··· DATASET CONTENT

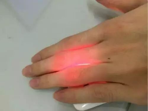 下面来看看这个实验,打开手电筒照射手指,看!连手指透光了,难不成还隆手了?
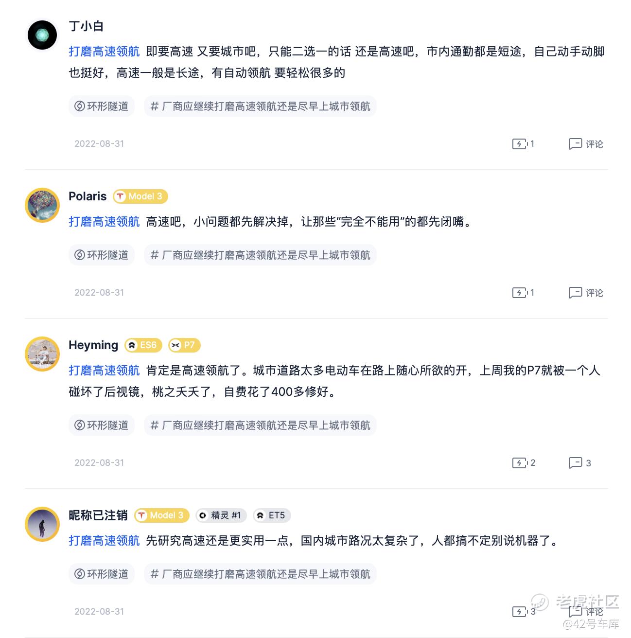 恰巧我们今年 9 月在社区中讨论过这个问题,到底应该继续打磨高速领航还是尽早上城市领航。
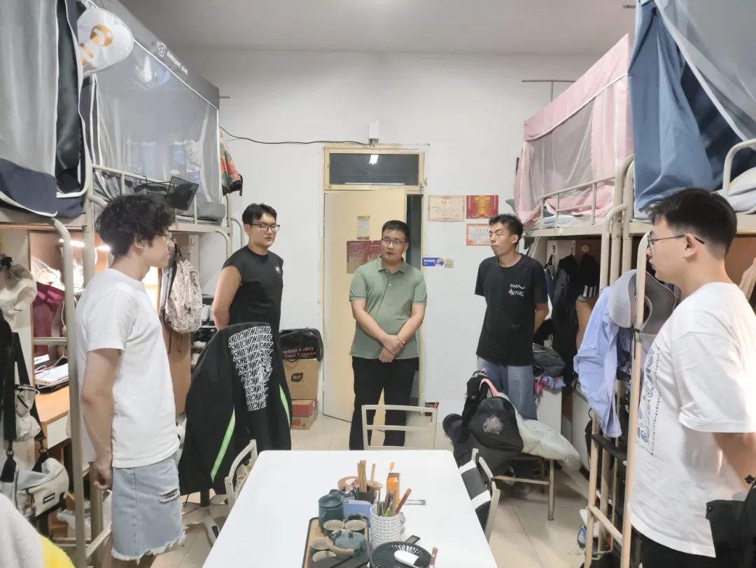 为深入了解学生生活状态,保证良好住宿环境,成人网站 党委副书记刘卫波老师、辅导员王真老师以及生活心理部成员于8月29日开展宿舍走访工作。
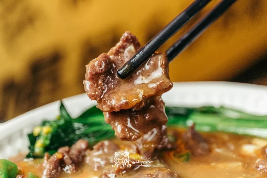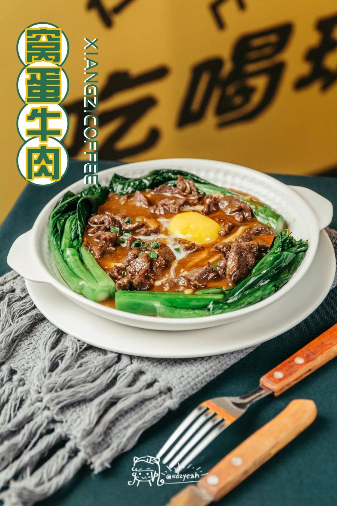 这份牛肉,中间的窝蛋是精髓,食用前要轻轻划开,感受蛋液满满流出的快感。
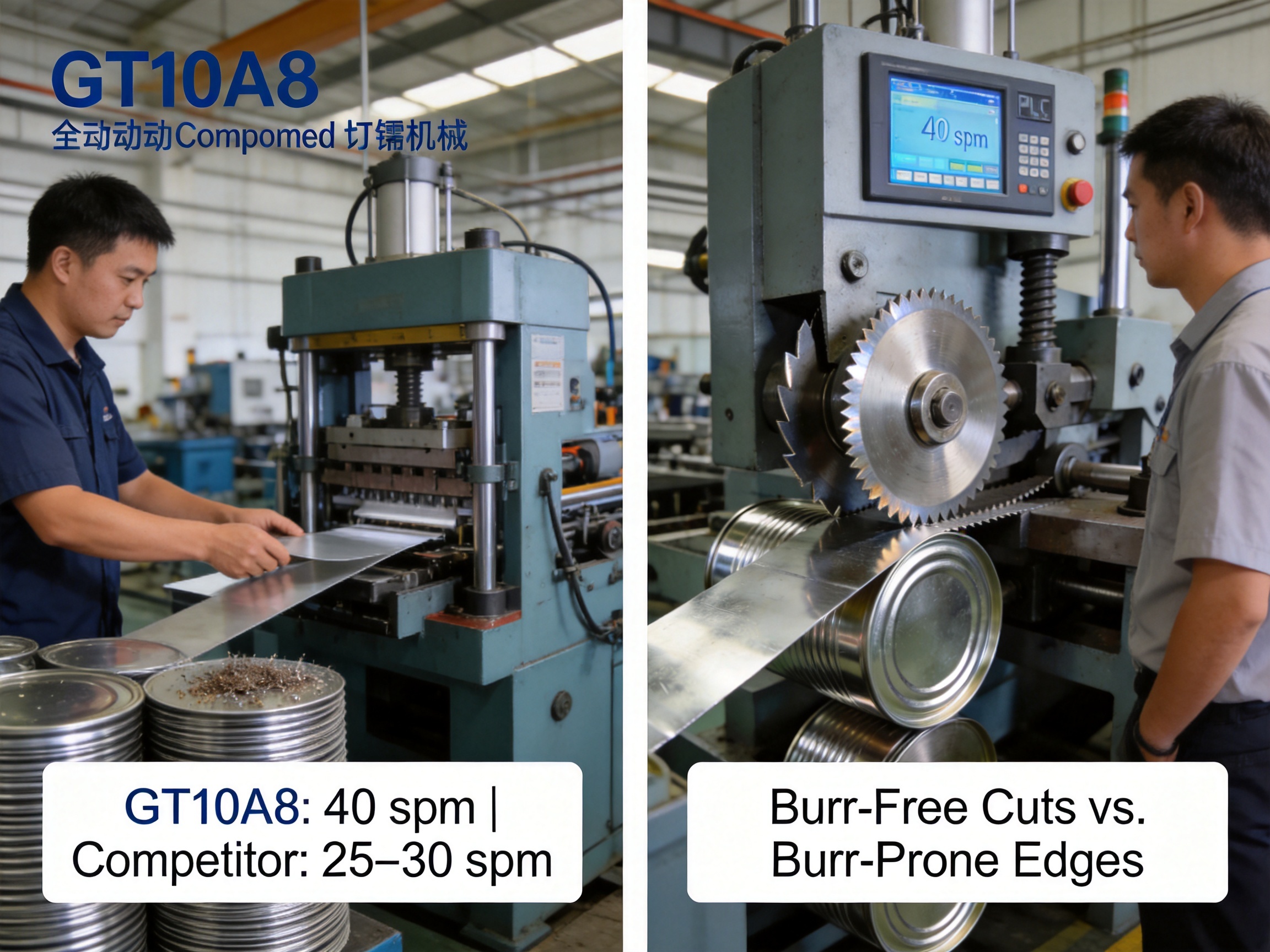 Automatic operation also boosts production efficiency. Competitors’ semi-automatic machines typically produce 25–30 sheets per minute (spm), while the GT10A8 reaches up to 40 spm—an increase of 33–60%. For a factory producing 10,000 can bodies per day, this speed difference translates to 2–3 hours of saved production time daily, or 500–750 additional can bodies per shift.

······
··· DATASET CONTENT

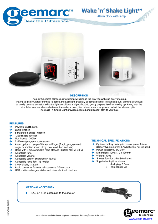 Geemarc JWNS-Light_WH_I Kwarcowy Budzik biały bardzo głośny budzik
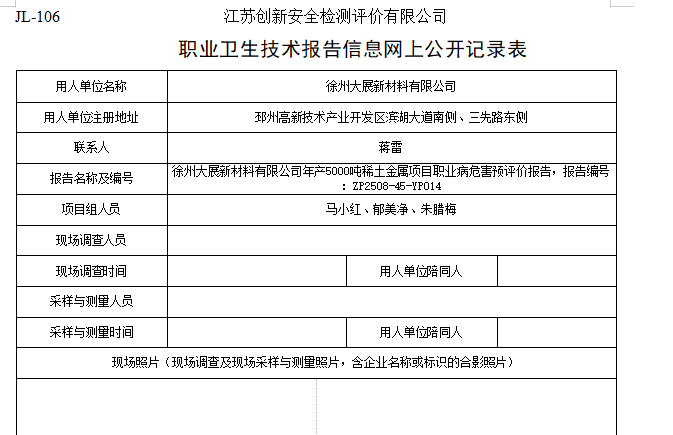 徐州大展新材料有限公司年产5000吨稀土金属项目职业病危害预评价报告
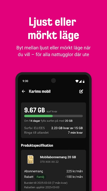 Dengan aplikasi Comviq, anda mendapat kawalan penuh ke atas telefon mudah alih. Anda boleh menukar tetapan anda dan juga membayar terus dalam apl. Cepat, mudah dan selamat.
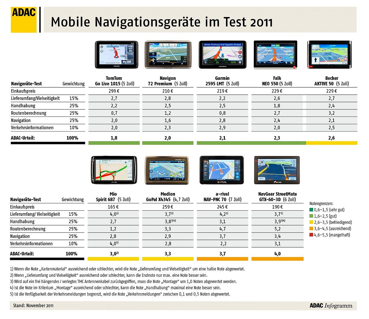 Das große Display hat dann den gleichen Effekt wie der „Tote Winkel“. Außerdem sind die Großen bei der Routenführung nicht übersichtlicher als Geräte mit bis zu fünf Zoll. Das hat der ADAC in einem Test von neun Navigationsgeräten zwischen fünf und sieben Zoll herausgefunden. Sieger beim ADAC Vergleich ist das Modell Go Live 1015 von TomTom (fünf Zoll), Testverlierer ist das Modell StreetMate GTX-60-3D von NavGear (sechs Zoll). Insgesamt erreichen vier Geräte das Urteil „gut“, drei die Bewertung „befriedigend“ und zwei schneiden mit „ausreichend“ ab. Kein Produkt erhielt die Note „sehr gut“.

······
··· DATASET CONTENT

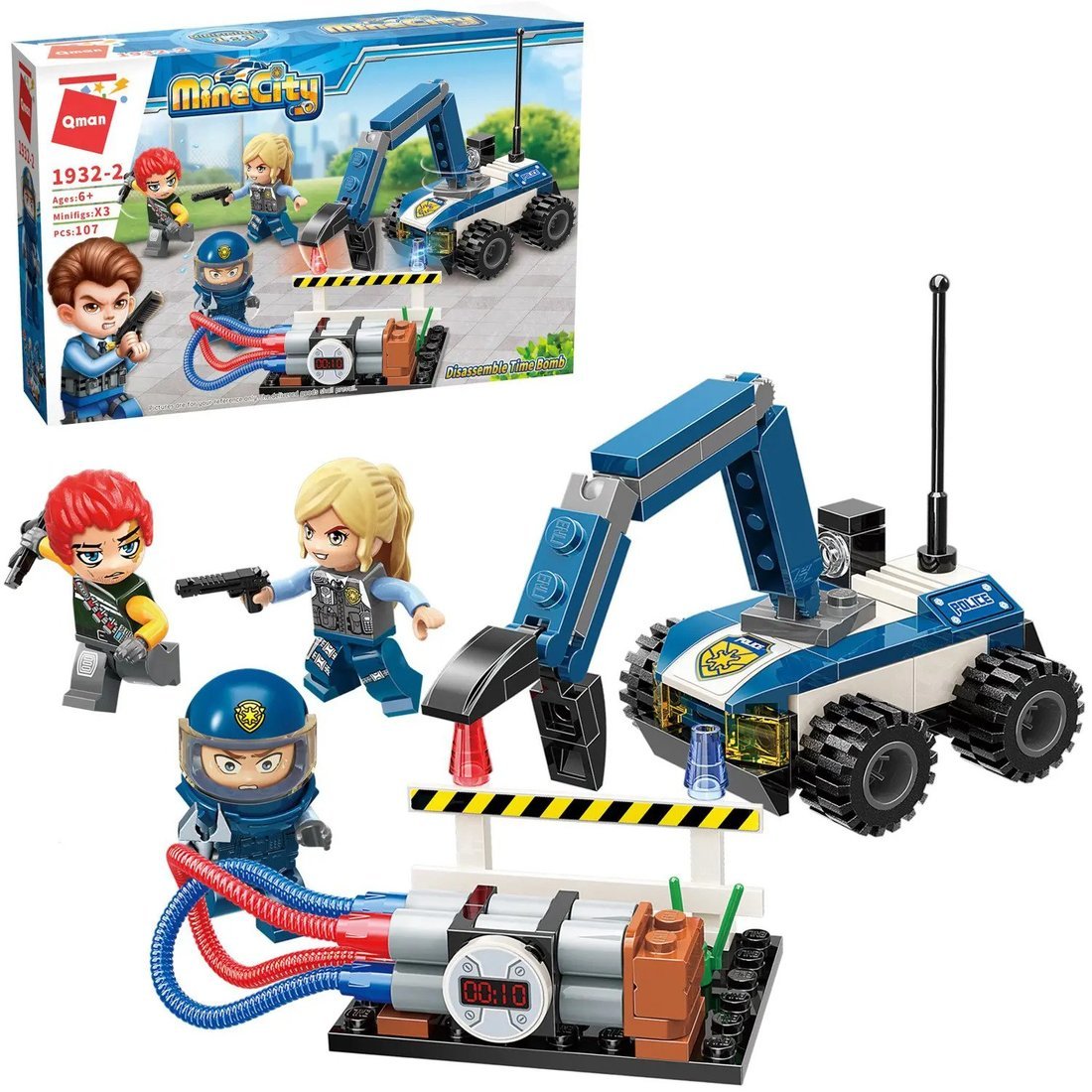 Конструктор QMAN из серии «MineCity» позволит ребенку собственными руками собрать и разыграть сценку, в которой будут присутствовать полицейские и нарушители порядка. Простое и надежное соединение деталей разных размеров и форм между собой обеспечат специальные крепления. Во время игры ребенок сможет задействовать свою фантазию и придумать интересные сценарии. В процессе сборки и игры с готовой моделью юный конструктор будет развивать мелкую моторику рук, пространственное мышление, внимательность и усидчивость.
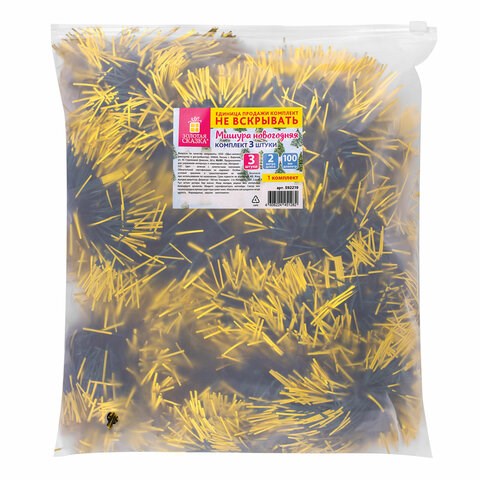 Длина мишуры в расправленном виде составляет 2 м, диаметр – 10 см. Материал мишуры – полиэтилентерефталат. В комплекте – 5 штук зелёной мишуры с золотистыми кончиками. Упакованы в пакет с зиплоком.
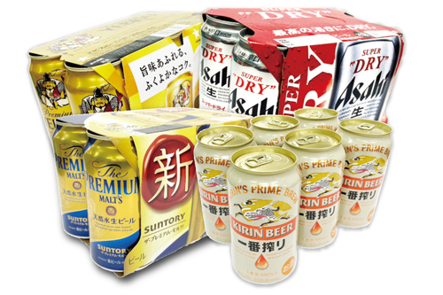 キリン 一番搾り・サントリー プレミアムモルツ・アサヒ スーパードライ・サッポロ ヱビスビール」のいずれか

······

Using the entries above, transcribe every line from the line containing "恰巧我们今年 9 月在社区中讨论过这个问题,到底应该继续打磨高速领航还是尽早上城市领航。" through the line containing "Automatic operation also". Do not copy pictures.

TASK ANSWER:
 恰巧我们今年 9 月在社区中讨论过这个问题,到底应该继续打磨高速领航还是尽早上城市领航。
 为深入了解学生生活状态,保证良好住宿环境,成人网站 党委副书记刘卫波老师、辅导员王真老师以及生活心理部成员于8月29日开展宿舍走访工作。
 这份牛肉,中间的窝蛋是精髓,食用前要轻轻划开,感受蛋液满满流出的快感。
 Automatic operation also boosts production efficiency. Competitors’ semi-automatic machines typically produce 25–30 sheets per minute (spm), while the GT10A8 reaches up to 40 spm—an increase of 33–60%. For a factory producing 10,000 can bodies per day, this speed difference translates to 2–3 hours of saved production time daily, or 500–750 additional can bodies per shift.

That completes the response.